But her hand shot out, catching his wrist. Her grip was firm, familiar, not aggressive, but not gentle either. "I'm all for killing that scumbag," she said, eyes searching his. "But I'm worried about you, Kali. You're different."

He didn't meet her gaze. "People change."

She frowned, her voice lowering. "Especially after an awakening."

At that, his eyes flicked to hers, and darkened. Something in his jaw tightened.

"Your syllable is Grief," she continued carefully. "The emotional encoding of entropy doesn't just sit in the mind, Kali, it lives in the bones. It's not like the others. It's heavy. It lingers. It hurts." Her fingers relaxed slightly, as if offering him a way out. "Just… promise me you're still watching out for yourself. That the Thought hasn't buried who you were beneath all that pain."

"I'll be fine," he said flatly, trying to move past her.

She stepped in front of him, hand still on his wrist. "Promise me."

Kali stood still, breathing in the stale electric air between them. For a moment, he looked like he might argue, or lie. But then he closed his eyes and nodded once.

"I promise," he said softly, and this time, it wasn't evasive.

She let him go. "Good enough."

The moment passed like a shutter falling shut. She adjusted her coat and walked with him again, the silence between them now holding something deeper than tension, something like trust strained by history. "Now," she said briskly, "what do we know about this Reaper?"

"He's Friction-awakened," Kali said as they turned down a narrower alley lit only by flickering signage.

"I know that," Priene scoffed, rolling her eyes.

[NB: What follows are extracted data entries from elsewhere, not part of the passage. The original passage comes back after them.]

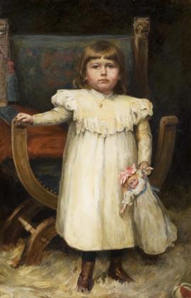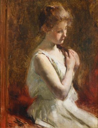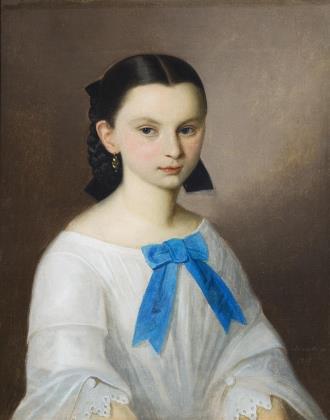 Bildnis eines Mädchens im hellen Kleid vor neutralem Hintergrund
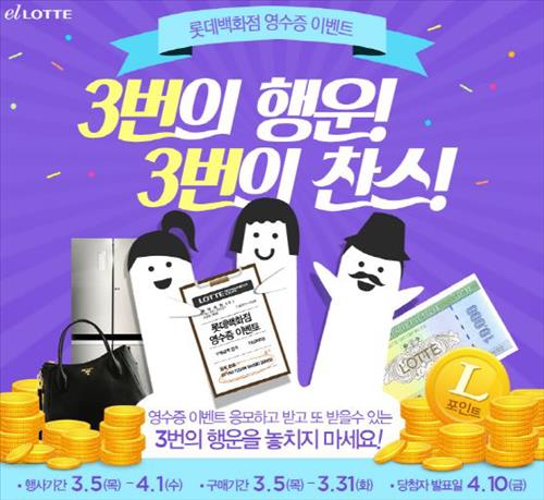 롯데백화점 영수증 번호로 응모해 당첨된 고객에게는 현금처럼 쓸 수 있는 L포인트 5천점(300명)·3만점(200명), 엘롯데 주문번호 응모 고객에게는 롯데백화점 상품권 3만원권(200명)을 증정한다.
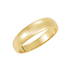 Sleek and simple with a classic low dome profile designed from polished 10k yellow gold. This standard fit 5mm wide band tapers to approximately half the width at the bottom and is suitable for engraving. This is a made to order item and is estimated to ship 11/24/2025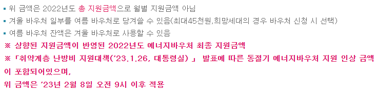 겨울 바우처 일부를 여름 바우처로 당겨 쓸 수 있으며 여름 바우처 잔액은 겨울 바우처로 사용할 수 있습니다.

"Let me finish," he replied, voice edged with fatigue. "Look, there aren't many Awakened on Theraxis, maybe eleven at most. And each one has to leave a trace. After some digging, I found something… off the record. A few years back, a member of the Mugen clan was charged with murder. Off-world jurisdiction, pretty hush-hush. The family swept it under the rug and smuggled him into one of the fringe worlds."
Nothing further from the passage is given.